Background

In areas of high malaria transmission, individuals are repeatedly inoculated with malaria parasites. At any one time, most infected individuals control their infection and are asymptomatic, but some develop severe life-threatening diseases. Since malaria parasitaemia is so common, it is difficult to diagnose whether malaria is the cause of illness or whether the parasites are coincidental. In clinical studies of severe malaria, misdiagnosis leads to the false inclusion of patients who do not have severe malaria, impacting the accuracy of results.

This study will develop a biomarker-based diagnostic model of severe malaria, using easily measured biomarkers such as platelet counts and white blood counts. This model will improve our understanding of the genetic susceptibility to malaria, the impact of blood transfusion in severe malaria, and how to better design clinical trials in endemic areas. These three research questions rely on a precise definition of severe malaria.

Research Questions

Severe falciparum malaria remains a major cause of preventable childhood death in sub-Saharan Africa despite the availability of highly effective therapies.

The most significant disease burden is in areas with intense mosquito-borne transmission where children are repeatedly inoculated. In these areas of high transmission, effective interventions have the greatest public health benefit. It is logistically feasible to do large clinical studies of severe malaria that test new interventions (sufficient patient numbers).

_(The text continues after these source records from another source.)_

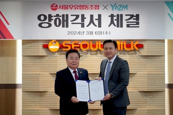 서울우유협동조합이 급성장하는 그릭요거트 시장 트렌드에 맞춰 그릭요거트 전문브랜드 요즘(YOZM)과 업무협약을 체결했다고 7일 밝혔다.지난 6일 서울우유협동조합 본사에서 진행된 협약식에는 서울우유 문진섭 조합장, 요즘 박경수 대표 외 주요 관계자들이 참석했다. 서울우유는
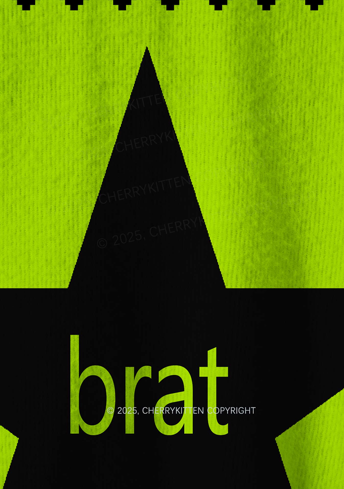 Green Brat Star Y2K Christmas Knit Sweatshirt Cherrykitten
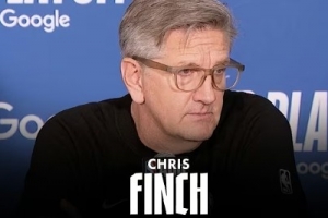 芬奇:是的,就是那样。我们需要有人杀入禁区,带着力量去打球。我们在比赛开局阶段在外线飘着投得太多了。一旦他撕开了内线防守,我们就能让球运转起来。然后爱德华兹也开始发威,我们更多地杀入了内线。那就是我们必须做的。特别是当我们在比赛开局投篮不中的时候,我们不能一直飘在外面。但一旦我们有了良好的球权转移,投篮自然就会命中,通常都是这样。
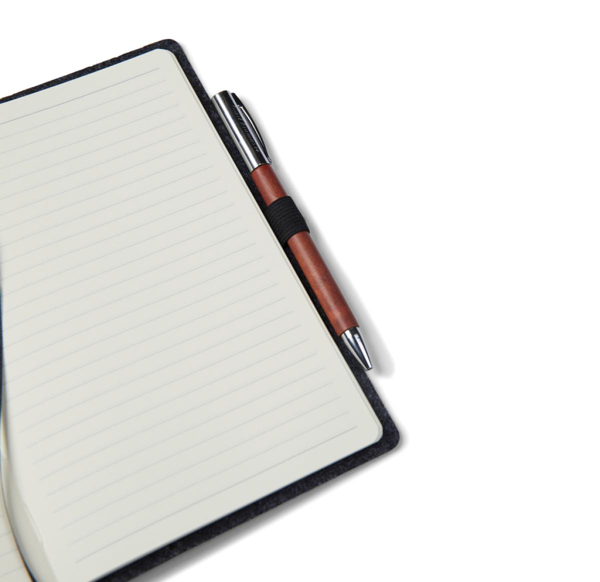 A5 notebook elegantly crafted from recycled felt, boasting a mélange effect and an integrated pen holder. Containing 80 sheets or 160 pages of 70 gsm recycled paper, its lined pages are ideal for any note-taking needs. Certified by GRS (Global Recycled Standard), GRS certification guarantees that the entire supply chain of the recycled materials is certified. The total recycled content is based on the overall product weight. This product contains 83% GRS-certified recycled paper and 7% GRS-certified recycled felt.
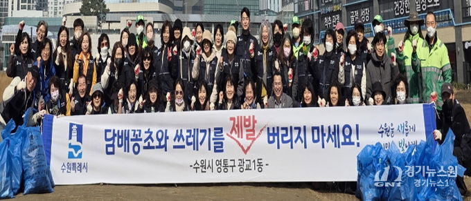 [경기뉴스원/경기뉴스1] | 영통구 광교1동 행정복지센터는 지난 3월 5일 통장협의회와 환경관리원 등 60여 명이 참여한 가운데 무단투기 지역을 중심으로 봄맞이 환경정비 활동을 실시했다.
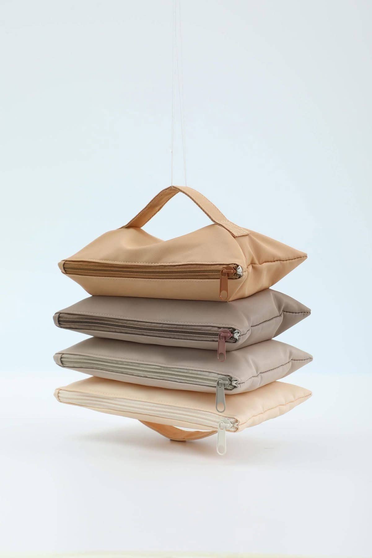 Flexible  Accordion Nylon Toiletry Cosmetic Travel Bags Neutral
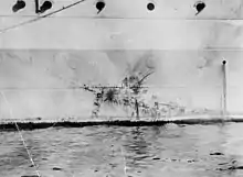 Sussex served in the Mediterranean until 1934, when she was sent to serve with the Royal Australian Navy while HMAS Australia operated with the Mediterranean Fleet.[1] Sussex's exchange tour concluded in 1936,[1] and then she resumed her presence in the Mediterranean until 1939. During this tour of duty, she defended neutral shipping along the eastern Spanish coast in the last days of the Spanish civil war, supported by the destroyers HMS Intrepid and HMS Impulsive. She obtained the release of at least four British cargo ships arrested by Spanish nationalist forces in open seas, but the cruiser was unable to prevent the capture of the London-registered freighter Stangate by the nationalist merchant raider Mar Negro off Valencia on 16 March 1939.[2][3][4]
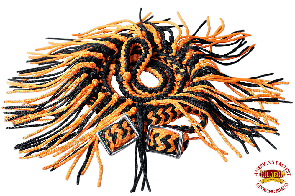These are premium quality soft Poly Contest Barrel Horse Racing with conveniently located 4 knots for easy and comfortable grip. The braiding barrel grip is very professional and has no HOLLOW feel on them. The two Conway buckles used on these reins are all nickel plated for durability and adjustment. It is not the regular cheap imports you would commonly find. It is perfect contest reins for Barrel racing or simple trail riding.
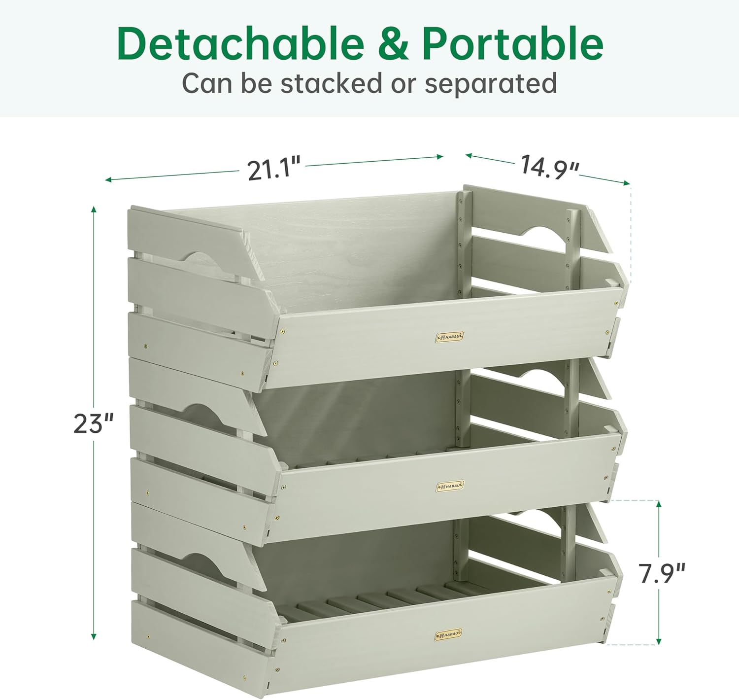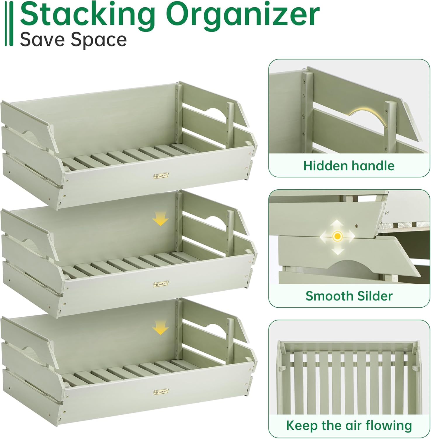 HABAU Wood Potato Onion Storage Bins - Wooden Stackable Produce Basket - Fruit Vegetable Storage for Kitchen Pantry Organization, Set 3 Pieces
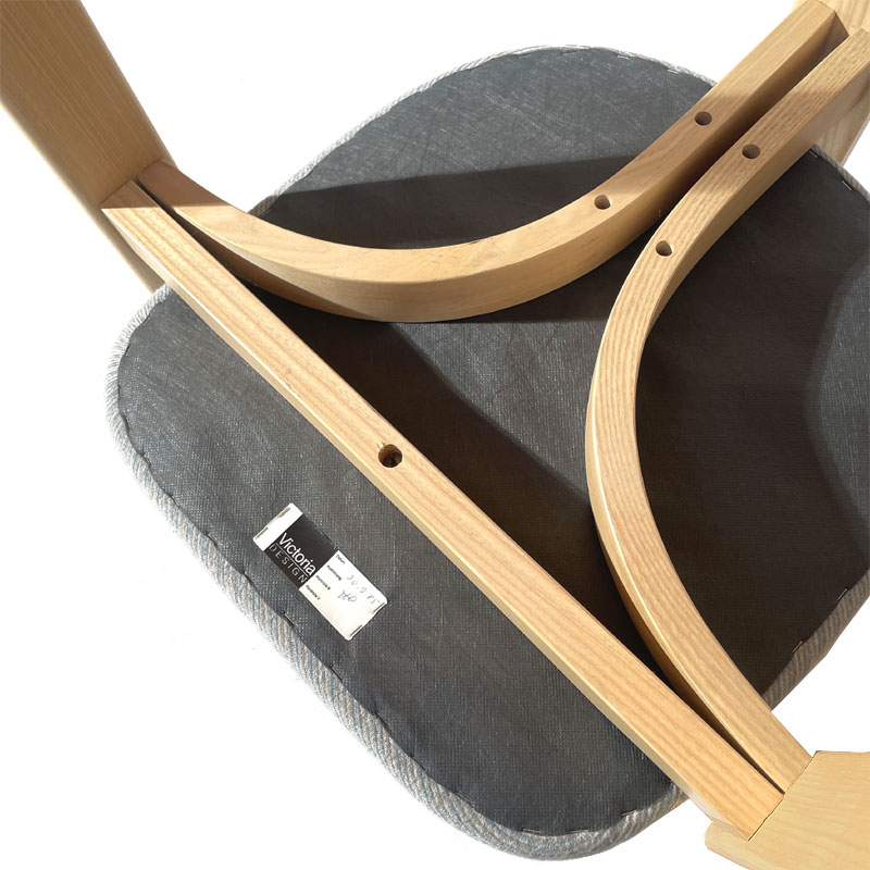 Le mobilier Victoria de la fabrique de Baar dans le canton de Zoug a habillé les intérieurs helvètes pendant près de 60 ans. La marque à la coccinelle, ayant souffert à la fin des années 90 de l’implantation massive en Suisse des géants du secteur, s’est humblement retirée du marché en 1998. La chaise présentée, d'esprit scandinave, fait partie d'un lot de 6 chaises.

However, in high transmission areas, severe malaria is largely confined to young children, and it is difficult to assess causality in severe disease, especially distinguishing between invasive bacterial sepsis and severe malaria. Many apparently healthy children have microscopy detectable P. falciparum parasites in their blood, resulting in a low positive predictive value for blood stage parasitaemia in severe disease.

In the absence of predictive biomarkers, the diagnosis of severe malaria in young children and the distinction from bacterial sepsis is therefore imprecise. This critical difficulty in clinical diagnosis affects all quantitative analyses and research that relies on a precise clinical phenotype of severe malaria: clinical therapeutic studies, vaccine studies, epidemiological studies of the burden of disease, and human genetic association studies. Most studies of severe malaria will include some patients who have malaria parasites in their blood but whose primary cause of the severe disease is non-malarial. This phenotypic heterogeneity can obscure important results.

This issue can potentially be resolved using predictive biomarkers in a probabilistic framework. This study will develop and validate the methodological framework underlying the use of biomarkers to adjust for population heterogeneity in clinically defined severe malaria and then apply this framework to answer three important research questions:

1. Which severely ill patients benefit from a blood transfusion?
2. What are the protective effect and protective mechanisms of glucose-6 phosphate dehydrogenase (G6PD) deficiency in severe malaria?
3. How can we design phase 2 evaluations of new therapies that take into account baseline patient heterogeneity?

The aims of this research project are both methodological (development of statistical methods and development of a causal inference framework with which to validate the methods) and applied (individual patient data meta-analysis and clinical trial guidelines).

Aims

1. Develop and then validate a probabilistic definition (phenotype) for severe malaria based on known biomarkers which can be easily measured in low-resource settings.
2. Re-analyse all available data on the relationship between G6PD deficiency and severe malaria, specifically testing the hypothesis that G6PD deficiency protects against an increased risk of death in severe malaria.
3. Carry out a systematic review and individual patient data meta-analysis looking at the effect of blood transfusion in severe malaria, using the developed probabilistic definition for accounting for phenotypic variability and uncertainty. This will specifically test the hypothesis that blood transfusion may be harmful in moderately anaemic severe malaria patients.
4. Develop new statistical methods to account for phenotypic heterogeneity in genetic case-control studies.
5. Develop guidelines for the design and analysis of phase 2 evaluations of new antimalarial drugs in areas of high transmission, notably cipargamin.